The average man, whatever his errors otherwise, at least sees clearly that government is something lying outside him and outside the generality of his fellow-men – that it is a separate, independent and often hostile power, only partly under his control, and capable of doing him great harm. In his romantic moments, he may think of it as a benevolent father or even as a sort of jinn or god, but he never thinks of it as part of himself. In time of trouble he looks to it to perform miracles for his benefit; at other times he sees it as an enemy with which he must do constant battle. Is it a fact of no little significance that robbing the government is everywhere regarded as a crime of less magnitude than robbing an individual?...

What lies behind all this, I believe, is a deep sense of the fundamental antagonism between the government and the people it governs.
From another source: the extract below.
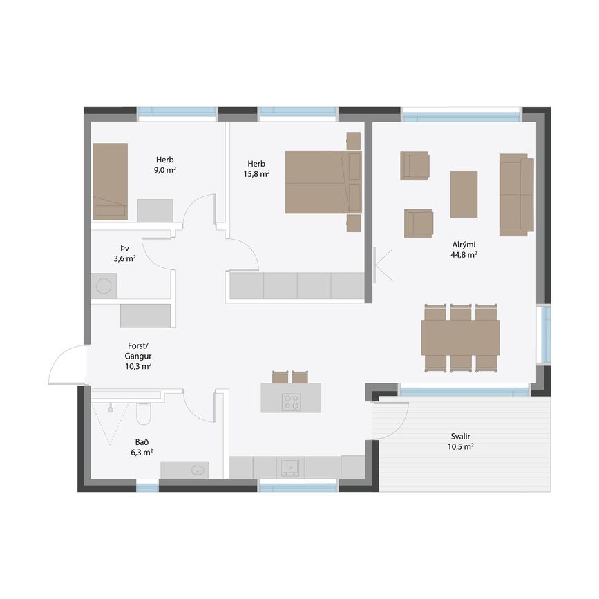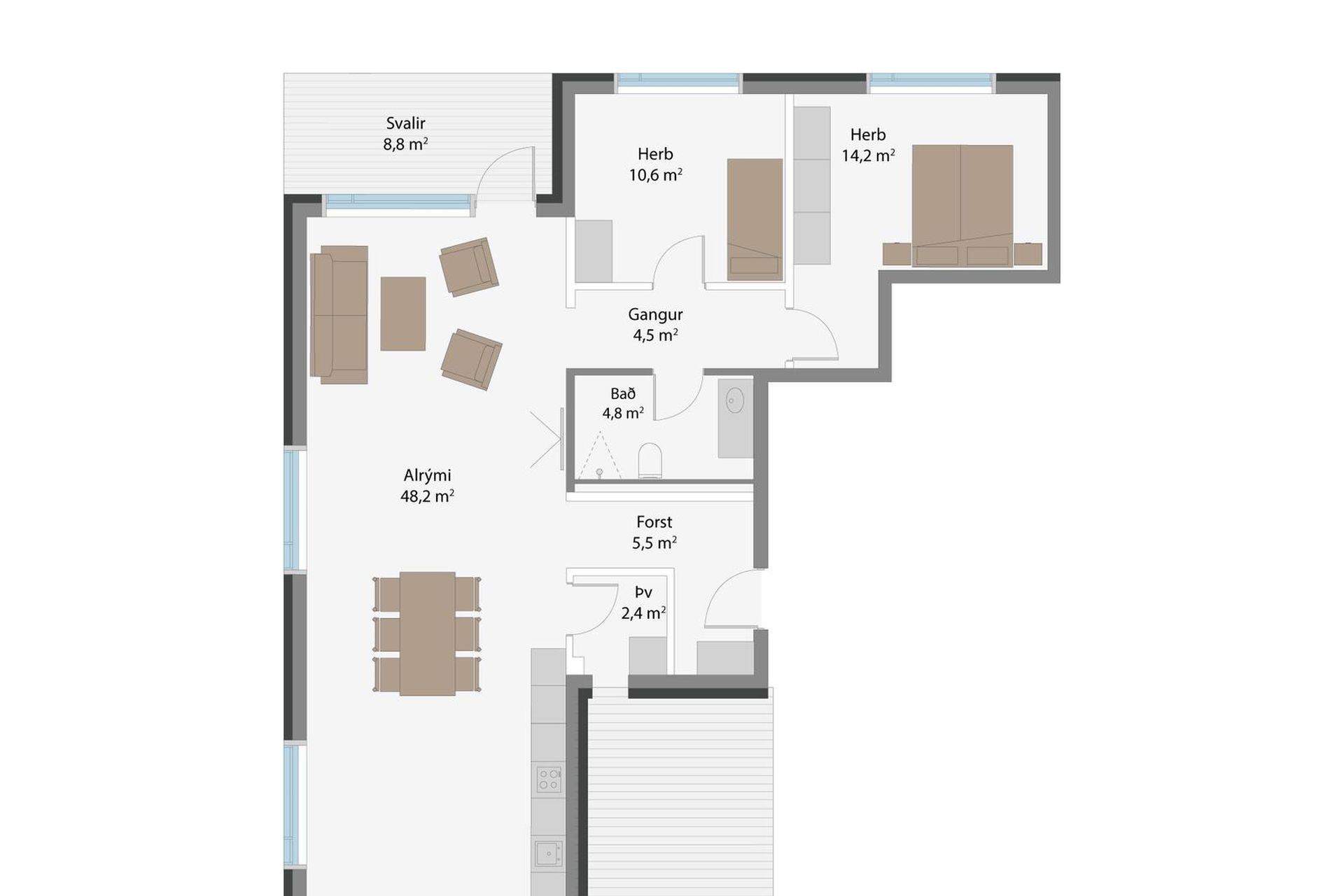 | 3 | 116,10 m² | 89.900.000 kr. 24. apríl 2025 | 91.060.000 kr. 8. júlí 2025 |

It is apprehended, not as a committee of citizens chosen to carry on the communal business of the whole population, but as a separate and autonomous corporation, mainly devoted to exploiting the population for the benefit of its own members. Robbing it is thus an act almost devoid of infamy.... When a private citizen is robbed a worthy man is deprived of the fruits of his industry and thrift; when the government is robbed the worst that happens is that certain rogues and loafers have less money to play with than they had before. The notion that they have earned that money is never entertained; to most sensible men it would seem ludicrous. They are simply rascals who, by accidents of law, have a somewhat dubious right to a share in the earnings of their fellow men. When that share is diminished by private enterprise the business is, on the whole, far more laudable than not.
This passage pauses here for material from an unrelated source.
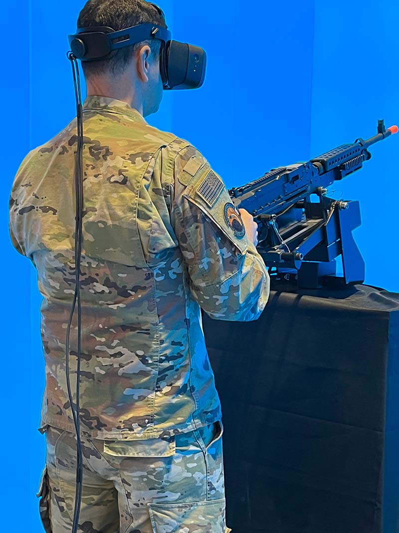 The demo shows an extended reality training solution for both individual and collective small arms training. The demo is linked to other booths using commercial 5G wireless networking.

This gang is well-nigh immune to punishment. Its worst extortions, even when they are baldly for private profit, carry no certain penalties under our laws. Since the first days of the Republic, less than a dozen of its members have been impeached, and only a few obscure understrappers have ever been put into prison. The number of men sitting at Atlanta and Leavenworth for revolting against the extortions of government is always ten times as great as the number of government officials condemned for oppressing the taxpayers to their own gain.... There are no longer any citizens in the world; there are only subjects. They work day in and day out for their masters; they are bound to die for their masters at call.... On some bright tomorrow, a geological epoch or two hence, they will come to the end of their endurance....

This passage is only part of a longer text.